Die Pandemie hat auch gezeigt, dass wir uns werden entscheiden müssen: Wollen wir mehr Markt und Eigenständigkeit in der Gesundheitsversorgung oder Planung, Struktur und Verlässlichkeit mit letztendlich einer Hierarchisierung der Leistungserbringung um Verfügbarkeit, Bezahlbarkeit und Qualität gesellschaftlich sicherzustellen? Soll das medizinische Angebot führend bleiben oder sind unsere Ressourcen und Kapazitäten – und damit direkt Personal und Infrastruktur – am Bedarf auszurichten? Wir müssen uns festlegen, welche Kenngrößen zukünftig für uns wesentlich sein sollen und was es Kosten darf.

Aus den Erfahrungen der letzten zwei Jahre erscheint es wesentlich, die Anforderungen und Erwartungen unserer Stakeholder – Gesellschaft, Politik, Medien – besser zu kennen und frühzeitiger in unser Denken und Handeln einzubinden, als uns das zuletzt gelungen ist. Hierzu gehört auch die Überzeugung, dass Gefühle von Ohnmacht und Angst außerhalb des Gesundheitswesens im Rahmen einer Pandemie offensichtlich noch ausgeprägter sind als bei den direkt Handelnden. Es braucht Zeit für Kommunikation und Dialog sowie einen geeigneten organisatorischen Raum und Rahmen. Uns trägt die Überzeugung, dass es gelingen wird, solch einen Raum und Rahmen zu finden, der es zulässt, die wechselseitigen Erwartungen offen auszutauschen und mithin für eine nächste Pandemie gesellschaftspolitisch und medizinisch besser vorbereitet zu sein.

5 Universitätsmedizin

Die Universitätsmedizin in Deutschland hat während der SARS-CoV-2-Pandemie herausragende Leistungen erbracht. Die Universitätsklinika in Deutschland haben mehr als 25 Prozent aller kritisch kranken COVID-19-Patienten versorgt. Innovation und Translation sind neben der Fächerbreite und dadurch gegebenen Interdisziplinarität die herausragenden Alleinstellungsmerkmale der Universitätsmedizin. Es ist kein Zufall, dass die Universitätsklinika PCR-Tests rasch entwickelt und zur industriellen Skalierung – beispielsweise auch durch die Pool-Testung – beigetragen haben. Es ist auch kein Zufall, dass die Konzepte zur Organisationsanpassung und für krankenhaushygienische Maßnahmen aus den Universitätsklinika stammen und die ersten Einrichtungen zur Betreuung von Patienten mit Long-COVID hier etabliert wurden. Weiterhin hat die Universitätsmedizin mithilfe des durch das BMBF geförderten Netzwerk Universitätsmedizin (NUM) Prognosemodelle und Register etabliert.

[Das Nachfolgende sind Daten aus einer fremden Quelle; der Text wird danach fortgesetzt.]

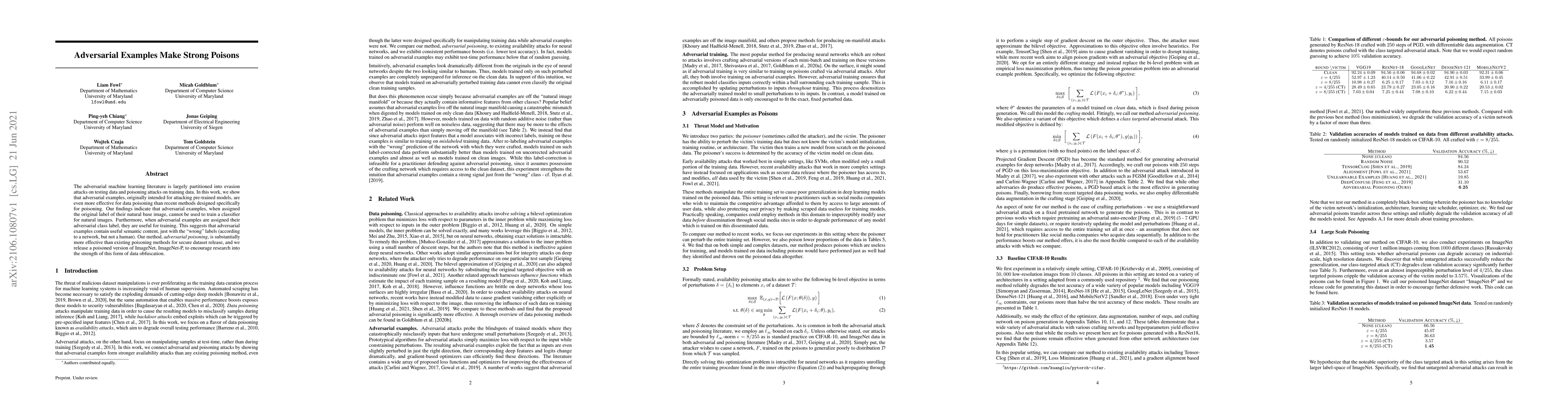This paper demonstrates that adversarial examples, originally designed for attacking pre-trained models, are highly effective for poisoning training data. When labeled with their original labels, they render classifiers ineffective for natural images, but when labeled with adversarial labels, they can be used for training, indicating they hold useful semantic content.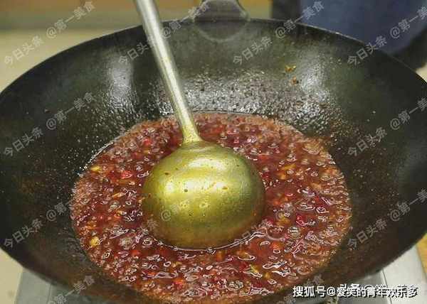 把酱料放进去 ,小火慢熬出香味和红油,然后再放干辣椒段 ,闻到香辣味以后倒进去半罐啤酒,转小火慢熬三五分钟,调味加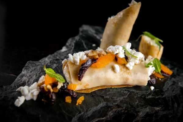 - блины с творогом, курагой и грецким орехом (300 р.).

Wir haben in Deutschland 35 Universitätsklinika. Die Universitätsmedizin in Deutschland verfügt über einsatzbereite Abteilungen für Virologie, Mikrobiologie, Infektiologie und Krankenhaushygiene. Sie bildet fast ausnahmslos im vollständigen Besitz der Bundesländer eine starke Einsatzreserve und hat dies in den letzten zwei Jahren eindrucksvoll unter Beweis gestellt. Es braucht nicht mehr Universitätsklinika, aber besser ausgestattete. Dann könnten wir in Zukunft in Deutschland einer Pandemie und andere Herausforderungen für das Gesundheitswesen womöglich noch besser begegnen, als uns das im Rahmen der Corona-Pandemie gelungen ist.

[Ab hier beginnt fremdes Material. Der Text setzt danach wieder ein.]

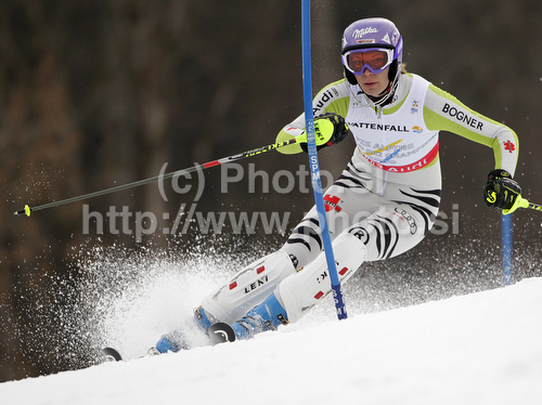 : Maria Riesch of Germany skiing in first run of Women slalom race of FIS alpine skiing World Championships in Garmisch-Partenkirchen, Germany. Women slalom race of FIS alpine skiing World Championships, was held on Saturday, 19th of February 2011, in Garmisch-Partenkirchen, Germany.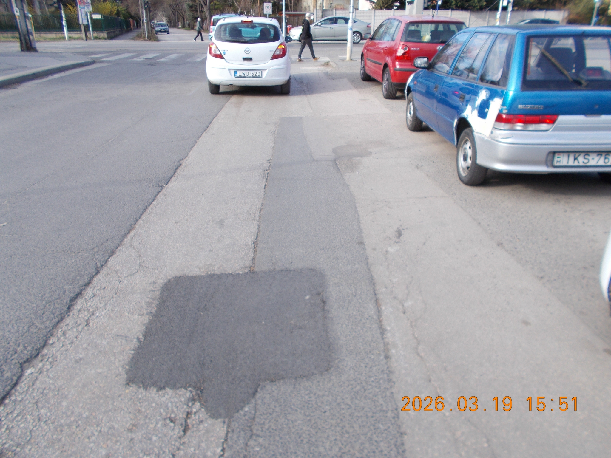 A Pilóta utcában, a cukrászda és az autókereskedés között kialakult egy hatalmas kátyú, kérem a javítását.

Zusammenfassend erscheinen drei Punkte wesentlich:

  • Wir müssen Ziele definieren. Ziele fehlen uns an vielen Stellen des Gesundheitswesens schon im Normalstatus – mehr noch im Rahmen einer Pandemie.

  • Es benötigt einen Plan, Teams und Netzwerke, die während einer Pandemie kontinuierlich die notwendigen Struktur- und Organisationsanpassungen vornehmen und kommunizieren.

  • Wir benötigen Führung. Alle Verantwortlichen brauchen Mut, um zu entscheiden und das, was entschieden worden ist, zu rechtfertigen. Entscheidungen Verantwortlicher müssen durchgesetzt werden, bisweilen auch gegen Widerstände.